• [EXERCISE DATA]
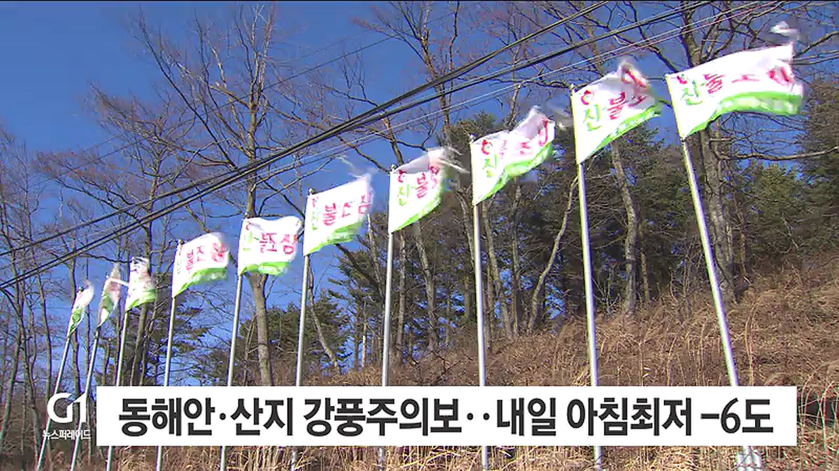 동해안과 산간지역, 태백·정선에 강풍주의보가 내려진 가운데, 내일 강원도는 영하권의 추위를 보이겠습니다.
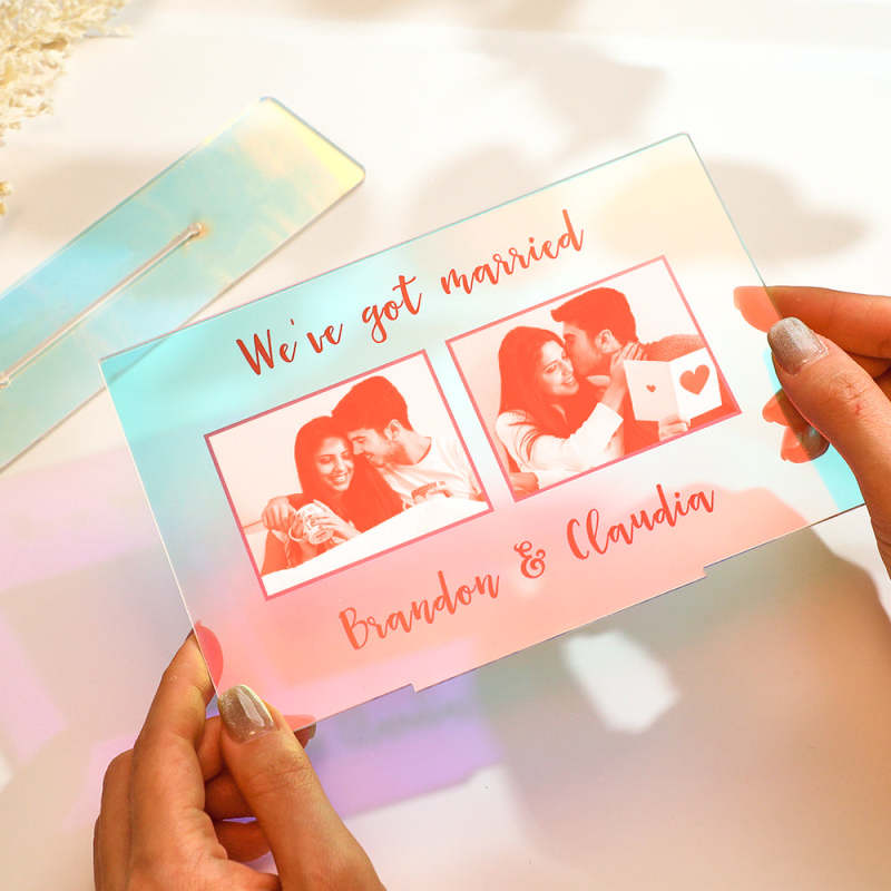 Custom Photo Transparent Gradient Color Acrylic Ornaments Personalized Engraved Keepsake for Couples
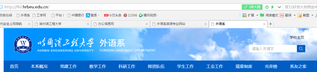 图1.外语系网站及英语学习平台分布区域(下拉网页至底端)
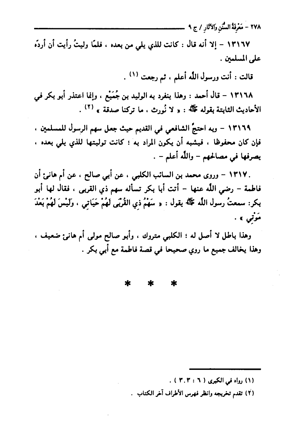 13170 - وَرَوَى مُحَمَّدُ بْنُ السَّائِبِ الْكَلْبِيُّ، عَنْ أَبِي صَالِحٍ، عَنْ أُمِّ هَانِئٍ، " أَنَّ فَاطِمَةَ رَضِيَ اللَّهُ عَنْهَا أَتَتْ أَبَا بَكْرٍ تَسْأَلُهُ سَهْمَ ذِي الْقُرْبَى، فَقَالَ لَهَا أَبُو بَكْرٍ: سَمِعْتُ رَسُولَ اللَّهِ صَلَّى اللهُ عَلَيْهِ وَسَلَّمَ يَقُولُ: «§سَهْمُ ذِي الْقُرْبَى لَهُمْ حَيَاتِي، وَلَيْسَ لَهُمْ بَعْدَ مَوْتِي». وَهَذَا بَاطِلٌ لَا أَصْلَ لَهُ، الْكَلْبِيُّ مَتْرُوكٌ، وَأَبُو صَالِحٍ مَوْلَى أُمِّ هَانِئٍ ضَعِيفٌ، وَهَذَا يُخَالِفُ جَمِيعَ مَا رُوِيَ صَحِيحًا فِي قِصَّةِ فَاطِمَةَ مَعَ أَبِي بَكْرٍ

• [PROBLEM TO WORK ON] Drop the pictures, then reproduce exactly the lines from the one with "图1.外语系网站及英语学习平台分布区域(下拉网页至底端)" through the final line of the listing.

• [TASK OUTPUT]
 图1.外语系网站及英语学习平台分布区域(下拉网页至底端)
 13170 - وَرَوَى مُحَمَّدُ بْنُ السَّائِبِ الْكَلْبِيُّ، عَنْ أَبِي صَالِحٍ، عَنْ أُمِّ هَانِئٍ، " أَنَّ فَاطِمَةَ رَضِيَ اللَّهُ عَنْهَا أَتَتْ أَبَا بَكْرٍ تَسْأَلُهُ سَهْمَ ذِي الْقُرْبَى، فَقَالَ لَهَا أَبُو بَكْرٍ: سَمِعْتُ رَسُولَ اللَّهِ صَلَّى اللهُ عَلَيْهِ وَسَلَّمَ يَقُولُ: «§سَهْمُ ذِي الْقُرْبَى لَهُمْ حَيَاتِي، وَلَيْسَ لَهُمْ بَعْدَ مَوْتِي». وَهَذَا بَاطِلٌ لَا أَصْلَ لَهُ، الْكَلْبِيُّ مَتْرُوكٌ، وَأَبُو صَالِحٍ مَوْلَى أُمِّ هَانِئٍ ضَعِيفٌ، وَهَذَا يُخَالِفُ جَمِيعَ مَا رُوِيَ صَحِيحًا فِي قِصَّةِ فَاطِمَةَ مَعَ أَبِي بَكْرٍ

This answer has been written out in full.